TypeScript has been presented as a superset of the JavaScript language designed to address the shortcomings of JavaScript, especially in large codebases. In addition to static type annotations, TypeScript also added several features that were not present in JavaScript at the time, such as classes, modules and interfaces. Classes and modules have been added to the JavaScript language since then, in ECMAScript 6 released in 2015.

Anders Hejlsberg

TypeScript is compiled to JavaScript using the tsc compiler that came with it. The compiler performs type-checking validations, raising errors when necessary, and also compiled some of the new features to older JavaScript versions to ensure compatibility with older browsers.

At first, it was received with skepticism by the JavaScript community, because several other JavaScript supersets or alternatives had been proposed before (CoffeeScript, Dart, GWT, etc.). And the idea of adding a compilation step to JavaScript was not very appealing to many developers.

However, the benefits of static typing became more and more apparent, and TypeScript continuously gained popularity over the years. The fatc that it was a superset to the JavaScript language instead of a brand new language has helped a lot to gain traction, because it is very easy to adopt it iteratively. It has been quickly adopted by the Angular team at Google, as Angular 2 launched with primary support for TypeScript, Dart and vanilla JavaScript, but finally decided to focus on TypeScript only. Then, other web frameworks and libraries followed, and TypeScript is now the de facto standard for large JavaScript projects.

State of TypeScript in 2025

The language has gone a long way since its first release. The TypeScript team has been working hard on improving the type system, especially for type inference and type narrowing.

The compiler also evolved significantly since the first versions, and now supports many options and plugins to customize the compilation process.

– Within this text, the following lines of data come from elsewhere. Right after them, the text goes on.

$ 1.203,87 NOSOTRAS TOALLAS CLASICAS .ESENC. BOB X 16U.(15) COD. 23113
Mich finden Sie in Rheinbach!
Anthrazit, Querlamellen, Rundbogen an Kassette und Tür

Today, many alternatives to the tsc compiler exist, such as esbuild, swc or oxc, that all have much faster performance than tsc. The compilation time is now very fast, even for large codebases.

Finally, TypeScript announced in March 2025 a native port of the TypeScript compiler to Go language, claiming a 10x performance improvement over the previous compiler. It is still development and is announced to be publicly released in TypeScript 7.0.

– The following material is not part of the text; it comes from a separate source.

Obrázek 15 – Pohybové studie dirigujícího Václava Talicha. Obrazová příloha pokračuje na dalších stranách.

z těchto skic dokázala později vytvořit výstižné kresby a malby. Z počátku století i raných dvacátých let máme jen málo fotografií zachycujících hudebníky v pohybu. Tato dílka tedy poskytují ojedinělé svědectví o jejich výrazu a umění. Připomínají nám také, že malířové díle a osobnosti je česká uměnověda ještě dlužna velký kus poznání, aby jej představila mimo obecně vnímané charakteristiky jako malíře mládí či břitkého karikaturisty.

TypeScript downloads over time

Regarding its popularity, the State of JS 2024 survey shows that TypeScript is now used by the majority of JavaScript developers, and 34% of JS developers declared to exclusively write TypeScript code. This situation has been summed up by a recurring expression in the community: "TypeScript won".

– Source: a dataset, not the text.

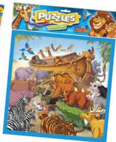
PUZZLE ARCA DE NOE Cod. 017

As we'll see in next chapter, TypeScript is now supported natively by all popular JavaScript runtimes, IDE and web frameworks. The other alternatives to TypeScript that existed (Flow, CoffeeScript) are now deprecated or have very low usage. Only JSDoc remains used in some libraries and projects that didn't want to add a compilation step to their workflow. But the native support of TypeScript code for Node.js is probably going to make it disappear as well in the coming years.

It is also worth noting that the TypeScript team has been working on pushing a proposal to TC39, the technical committee in charge of the evolutions of the JavaScript language. This new syntax is very close to TypeScript but only consists of optional and erasable syntax for type annotations.

Erasable syntax is also the global direction TypeScript is taking, since many JavaScript runtimes supporting natively TypeScript code don't bother anymore to perform type-checking, considering that the IDEs are doing it already at the time the code is written, and that other tools can do this validation step at deployment in CI/CD pipelines for example.